▶ [ASSIGNED TASK]
A word-for-word retyping of the listing is the goal.

▶ [DATA]

BEGIN

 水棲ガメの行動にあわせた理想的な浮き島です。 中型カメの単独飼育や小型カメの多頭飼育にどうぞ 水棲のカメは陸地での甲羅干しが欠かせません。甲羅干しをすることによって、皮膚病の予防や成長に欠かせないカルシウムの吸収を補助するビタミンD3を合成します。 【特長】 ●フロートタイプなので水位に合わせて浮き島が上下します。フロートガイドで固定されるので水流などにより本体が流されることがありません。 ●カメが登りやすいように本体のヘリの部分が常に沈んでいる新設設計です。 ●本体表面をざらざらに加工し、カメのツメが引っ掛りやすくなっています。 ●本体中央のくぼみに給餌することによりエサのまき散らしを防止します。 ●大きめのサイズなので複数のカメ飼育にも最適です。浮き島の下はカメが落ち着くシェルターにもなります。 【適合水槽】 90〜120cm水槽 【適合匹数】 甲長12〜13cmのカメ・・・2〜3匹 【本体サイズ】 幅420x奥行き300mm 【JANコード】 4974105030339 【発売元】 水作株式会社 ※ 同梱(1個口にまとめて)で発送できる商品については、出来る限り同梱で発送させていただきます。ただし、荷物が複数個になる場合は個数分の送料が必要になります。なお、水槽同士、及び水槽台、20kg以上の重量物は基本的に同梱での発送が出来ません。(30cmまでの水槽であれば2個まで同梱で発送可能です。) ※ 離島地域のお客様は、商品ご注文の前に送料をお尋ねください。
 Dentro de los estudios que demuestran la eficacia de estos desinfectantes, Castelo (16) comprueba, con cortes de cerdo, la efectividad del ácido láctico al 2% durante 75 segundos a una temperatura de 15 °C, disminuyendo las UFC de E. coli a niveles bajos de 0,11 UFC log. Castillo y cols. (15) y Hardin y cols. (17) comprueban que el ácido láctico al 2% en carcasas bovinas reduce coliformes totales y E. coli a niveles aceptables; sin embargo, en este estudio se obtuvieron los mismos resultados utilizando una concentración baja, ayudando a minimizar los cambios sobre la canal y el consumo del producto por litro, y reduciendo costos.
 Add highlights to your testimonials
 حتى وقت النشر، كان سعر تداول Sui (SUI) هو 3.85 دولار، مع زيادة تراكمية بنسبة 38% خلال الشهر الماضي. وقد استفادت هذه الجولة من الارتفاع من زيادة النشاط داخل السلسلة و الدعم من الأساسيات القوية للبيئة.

END

▶ [SOLUTION FOR THIS PROBLEM]
 水棲ガメの行動にあわせた理想的な浮き島です。 中型カメの単独飼育や小型カメの多頭飼育にどうぞ 水棲のカメは陸地での甲羅干しが欠かせません。甲羅干しをすることによって、皮膚病の予防や成長に欠かせないカルシウムの吸収を補助するビタミンD3を合成します。 【特長】 ●フロートタイプなので水位に合わせて浮き島が上下します。フロートガイドで固定されるので水流などにより本体が流されることがありません。 ●カメが登りやすいように本体のヘリの部分が常に沈んでいる新設設計です。 ●本体表面をざらざらに加工し、カメのツメが引っ掛りやすくなっています。 ●本体中央のくぼみに給餌することによりエサのまき散らしを防止します。 ●大きめのサイズなので複数のカメ飼育にも最適です。浮き島の下はカメが落ち着くシェルターにもなります。 【適合水槽】 90〜120cm水槽 【適合匹数】 甲長12〜13cmのカメ・・・2〜3匹 【本体サイズ】 幅420x奥行き300mm 【JANコード】 4974105030339 【発売元】 水作株式会社 ※ 同梱(1個口にまとめて)で発送できる商品については、出来る限り同梱で発送させていただきます。ただし、荷物が複数個になる場合は個数分の送料が必要になります。なお、水槽同士、及び水槽台、20kg以上の重量物は基本的に同梱での発送が出来ません。(30cmまでの水槽であれば2個まで同梱で発送可能です。) ※ 離島地域のお客様は、商品ご注文の前に送料をお尋ねください。
 Dentro de los estudios que demuestran la eficacia de estos desinfectantes, Castelo (16) comprueba, con cortes de cerdo, la efectividad del ácido láctico al 2% durante 75 segundos a una temperatura de 15 °C, disminuyendo las UFC de E. coli a niveles bajos de 0,11 UFC log. Castillo y cols. (15) y Hardin y cols. (17) comprueban que el ácido láctico al 2% en carcasas bovinas reduce coliformes totales y E. coli a niveles aceptables; sin embargo, en este estudio se obtuvieron los mismos resultados utilizando una concentración baja, ayudando a minimizar los cambios sobre la canal y el consumo del producto por litro, y reduciendo costos.
 Add highlights to your testimonials
 حتى وقت النشر، كان سعر تداول Sui (SUI) هو 3.85 دولار، مع زيادة تراكمية بنسبة 38% خلال الشهر الماضي. وقد استفادت هذه الجولة من الارتفاع من زيادة النشاط داخل السلسلة و الدعم من الأساسيات القوية للبيئة.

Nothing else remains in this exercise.